Which use case(s) is this to satisfy?

> What if the procedure was `curl http://taskcluster/queue/v1/task/<taskId>/run/<runId>/setRetryFlag`?

I think calling the existing endpoint would be enough:

http://taskcluster/queue/v1/task/<taskId>/runs/<runId>/exception

Obviously the user would need the appropriate scope(s).

======

Aside

Until now, only the worker could raise an exception so we could differentiate between worker/taskcluster failures, and task failures. If we let tasks resolve as exception, that could messy the lines. This is why I'm curious what the use case is.
Adding Jonas...
Flags: needinfo?(jopsen)
(In reply to Dustin J. Mitchell [:dustin] from comment #1)
> Is this something where we are going to need to re-architect the solution
> for other worker implementations?  Is there something more OS-generic than a
> socket?  For example, does libvirt let us inject a socket?  Windows?
> 
> What if the procedure was `curl
> http://taskcluster/queue/v1/task/<taskId>/run/<runId>/setRetryFlag`?

Good question, I'm not sure if the socket/file approach is the best, but it is what the group decided when we previously met so I was just entering bugs related that.  See https://bugzilla.mozilla.org/show_bug.cgi?id=1280570#c13

We definitely need to make this cross-platform compatible and available to all worker implementations.  I believe that caches and other things are going to be mounted with the qemu engines, so I don't see an immediate reason why it couldn't inject a file or socket.  Jonas will need to chime in with that, and Pete can explain options we might have with generic-worker and the future windows engine for tc-worker.
(In reply to Pete Moore [:pmoore][:pete] from comment #2)
> 
> Until now, only the worker could raise an exception so we could
> differentiate between worker/taskcluster failures, and task failures. If we
> let tasks resolve as exception, that could messy the lines. This is why I'm
> curious what the use case is.

So bug 1280570 has some info.  What we're trying to figure out a solution to is when something running inside of a task fails but it knows that if this task could be retried all over again it's likely to succeed, then we need to somehow retry that task.  We have suggested just rerunning the command within the container or task environment but that has proven to be less than ideal.  Currently in buildbot they signal this with certain exit codes from mozharness that buildbot knows to treat differently, retrying the task in this case.  Instead of doing something magical with exit codes, or having the worker respin up task environments, we thought that if the task could indicate it should be retried the worker could resolve the task appropriately and the queue would retry it similar to how we retry worker-shutdown.
Is it only certain failures that are typically retried? I'm thinking, if any failure is retried for a given task, it might be better as part of the task definition ("retryFailures": true) - but I'm guessing only certain failures are retried.

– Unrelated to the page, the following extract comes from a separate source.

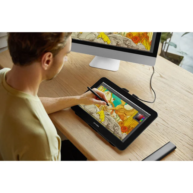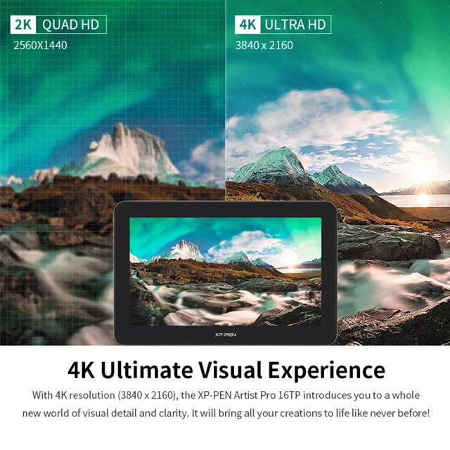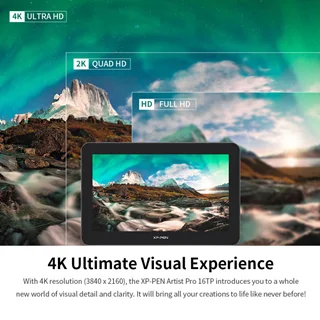 آرتیست پرو 16 تی پی (Artist Pro 16 TP) جدیدترین مدل نسل جدید مانیتورهای قلمی است که با بهره مندی از ویژگیهای خاص و منحصر به فرد فنی، به کلی با نسل قبلی مانیتورهای قلمی متفاوت است. نخستین ویژگی که این مدل را خاص می کند مالتی تاچ Multi Touch بودن پنل آن است و عنوان TP در نام این مدل اشاره به Touch Panel بودن صفحه مانیتور آن است. هنگامی که نوک قلم در مجاورت صفحه مانیتور نباشد ویژگی مالتی تاچ بطور خودکار، فعال می شود و با قرار دادن 2 یا چند انگشت می توان بطور مستقیم از روی صفحه مانیتور، اعمال Zoom In/Out یا چرخش Rotate و یا Navigate را انجام داد. کیفیت تصویری 4K ویژگی دیگر این مدل است که تصاویر روی مانیتور را با بهترین کیفیت و بالاترین وضوح (3840 x 2160) نمایش می دهد. همچنین با 92% Adobe RGB, 124% sRGB, 1000:1 contrast ratio جلوه ای از طبیعی ترین رنگها را در صفحه مانیتور ایجاد می کند. صفحه آن با کاهش زبری سطح شیشه AG ، باریک شدن فاصله ذرات و جلوگیری از پدیده تقویت لنز محدب ، یک تجربه بصری خیره کننده را بدون نقاط دانه دار و تداخل بازتاب معمول در سایر مانیتورهای قلمی ارائه می دهد تا خستگی چشم را بطور مطلوب، رفع کرده و نهایت آزادی در خلاقیت کاربر را تامین کند. قلم PH2 آن دارای یک پاک کن در انتهای قلم است و حساس به فشار تا 8192 مرحله است. این قلم، قادر به تشخیص زاویه شیب قلم تا 60 درجه است که امکان خلق جلوه های ویژه هنری را فراهم می کند. دارای یک جعبه کشویی جا قلمی زیبا و شکیل است که نگهدارنده و محافظ قلم و 9 عدد نوک یدکی همراه آن است. دارای دستکش طراحی است. 2 پورت USB-C داشته و با انواع سیستمهای عامل Windows 7/8/10 و Mac OS X 10.10 (or later) و Chrome OS 88 (or later) وAndroid (USB3.1 DP1.2) سازگار است. دارای طرح بسیار زیبا همراه با ملزومات شکیل و متفاوت با جاقلمی کشویی ویژه و یک بسته بندی خاص و متفاوت است که در جمع، یک محصول خاص و لاکچری با بالاترین کارایی را فراهم نموده است.

Given that we need to expose the feature to the task environment (rather than a blanket "retry on failure") I think calling an API endpoint makes the most sense over writing to a socket. We could add the new endpoint

  * http://taskcluster/queue/v1/task/<taskId>/runs/<runId>/<resolution>/<reason>

requiring

  * queue:resolve-task:<resolution>:<reason>:<taskId>/<runId>

in this case, resolution = "exception" and reason = "retry" (or similar).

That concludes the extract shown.